The large file size (at least in the context of a UVa problem) combined with the one-second time limit for this problem means that the standard Scanner.nextLine approach won’t work. Even with a reasonably efficient algorithm, you’ll hit the time limit. Fortunately, there’s a standard Java solution. But before we get to that, let’s do some benchmarking.

I created a text file consisting of 1,000,000 lines of 100 random non-newline characters each (102 million bytes total including the CR and LF at the end of each line), encoded using ISO-8859-1. Then I looped through the file using Scanner.nextLine, read each file into a string, and calculated a cumulative total of the numeric values of each character. At the end of each run, I printed the total, which acts as a simple hash of the file contents (for use in the next test). Over 10 trials on my local machine, the median runtime was about 4.05 seconds.

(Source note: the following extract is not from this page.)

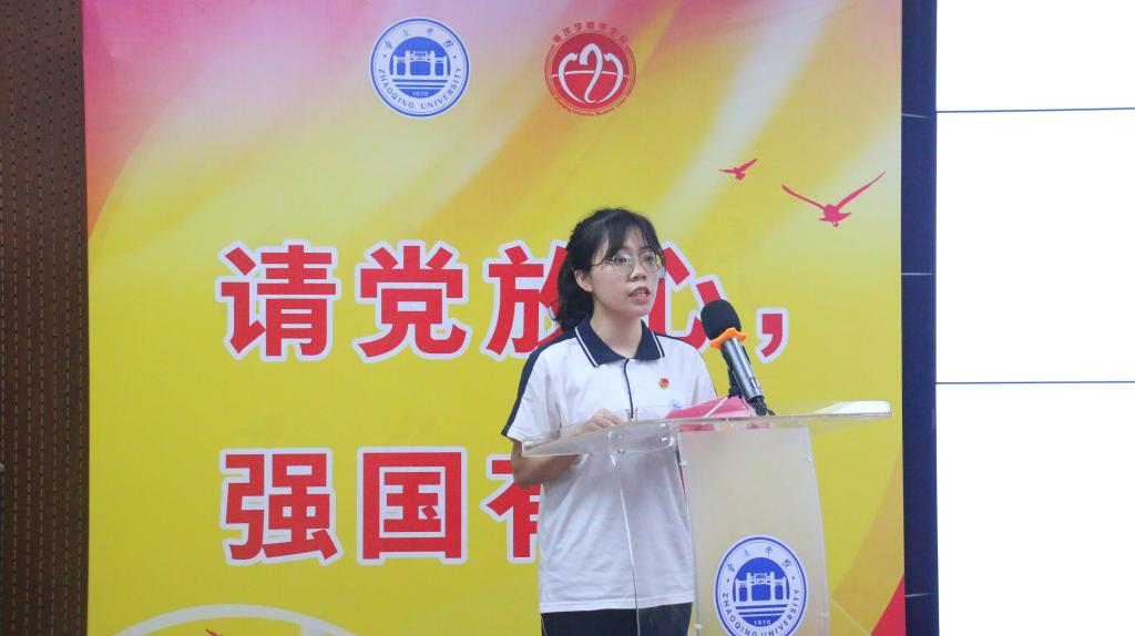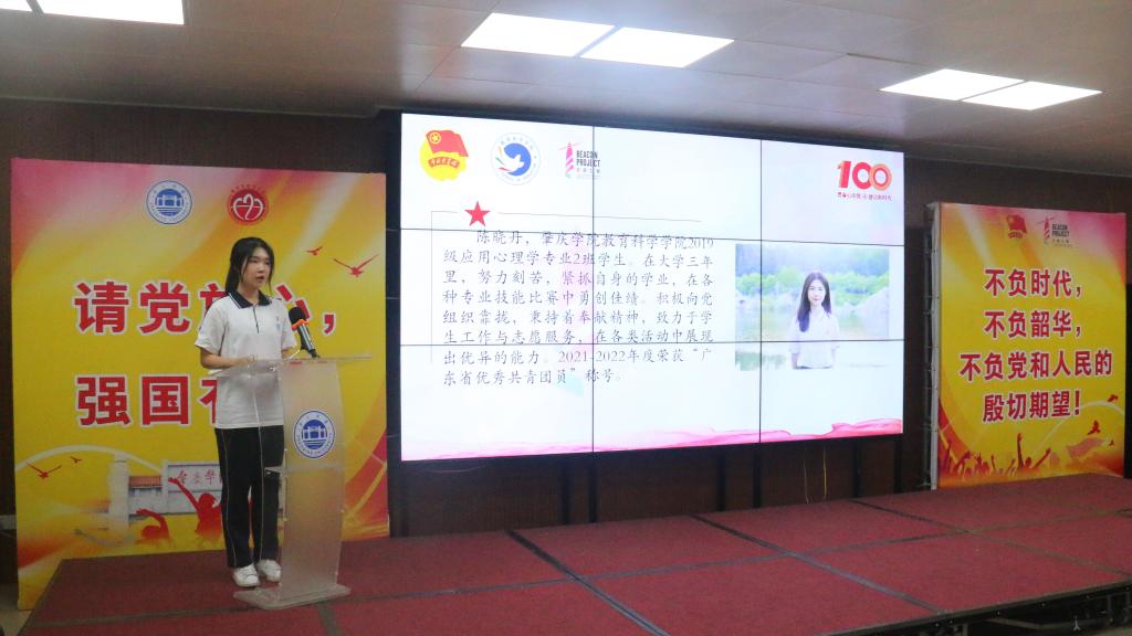荣获广东省优秀共青团员荣誉的陈晓丹同学进行经验分享,她回顾了大学三年以来的学习历程,她表示,在遇到逆境时,党支部是她坚强的后盾,是照亮她前路的灯塔。过去的荣誉将激励她对未来提出更高的要求。她勉励与会的学生骨干们要牢记服务同学的宗旨,发挥先锋模范作用。

For comparison, I ran a test using BufferedReader instead of Scanner to read the file. For this simple scenario, the program logic was essentially the same, but the syntax is different. The examples below show the differences:

Constructors:

Scanner stdin = new Scanner(System.in, "ISO-8859-1");


Loop while another line is available:

while (stdin.hasNextLine()) // Scanner


Read the next line into a string:

String line = stdin.nextLine(); // Scanner

The BufferedReader version also requires catching a couple more exceptions.